# platy fry



## wishiwasafish (Apr 13, 2011)

i recently purchased some platies from the LFS. i knew one was pregnant when i got her but didn't realize how far along she actually was. to my surprise, she gave birth tonight( i counted around 20 fry but i can only spot 5 right now, others are probably well hidden). i don't have a breeding tank set up so i'm going to let nature run its course this time. 
for the future, i plant ot set up a breeding tank. i have never done this, and i'm sure there's a thread for it but i couldn't find it, so i am just wondering what the best setup would be for a breeding tank? i'm thinking 10 gal but just wondering what king of filter, heater, etc. is best...gravel or bare bottom?


----------



## emc7 (Jul 23, 2005)

It can be any tank, any way you like it.
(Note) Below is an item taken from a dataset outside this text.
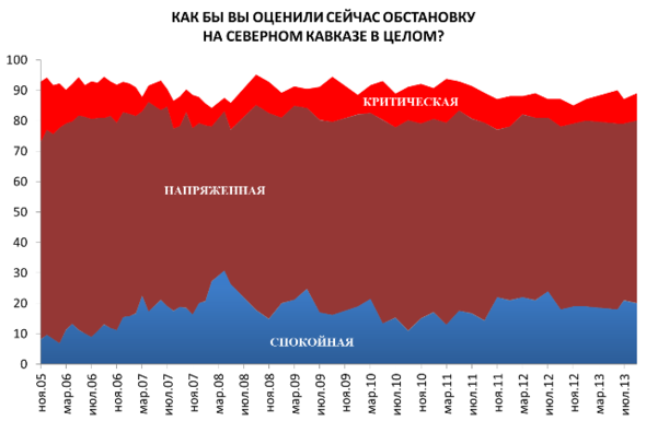 Проблема нестабильности на самом Северном Кавказе россиян мало волнует, так как не несет угрозы их личной безопасности. Они предпочли бы, чтобы жители региона разобрались с этим сами. Первые места в опросах  что волнует россиян традиционно занимают вопросы благосостояния, роста цен, роста тарифов ЖКХ.

I tend to use a bare tank with a sponge filter because it is cheap and easy to clean. For platys, lots of floating plant (plastic is ok). Bigger is better because you likely need to keep 20+ fry in the tank until they are a size a store will take (likely the size you bought, full grown), so go up to a 15 or 20 gallon if you have the space. 

I use heaters in the winter, haven't found any I really love and I use lids to slow evaporation. You can skip the light, thats for you, not the fish.


----------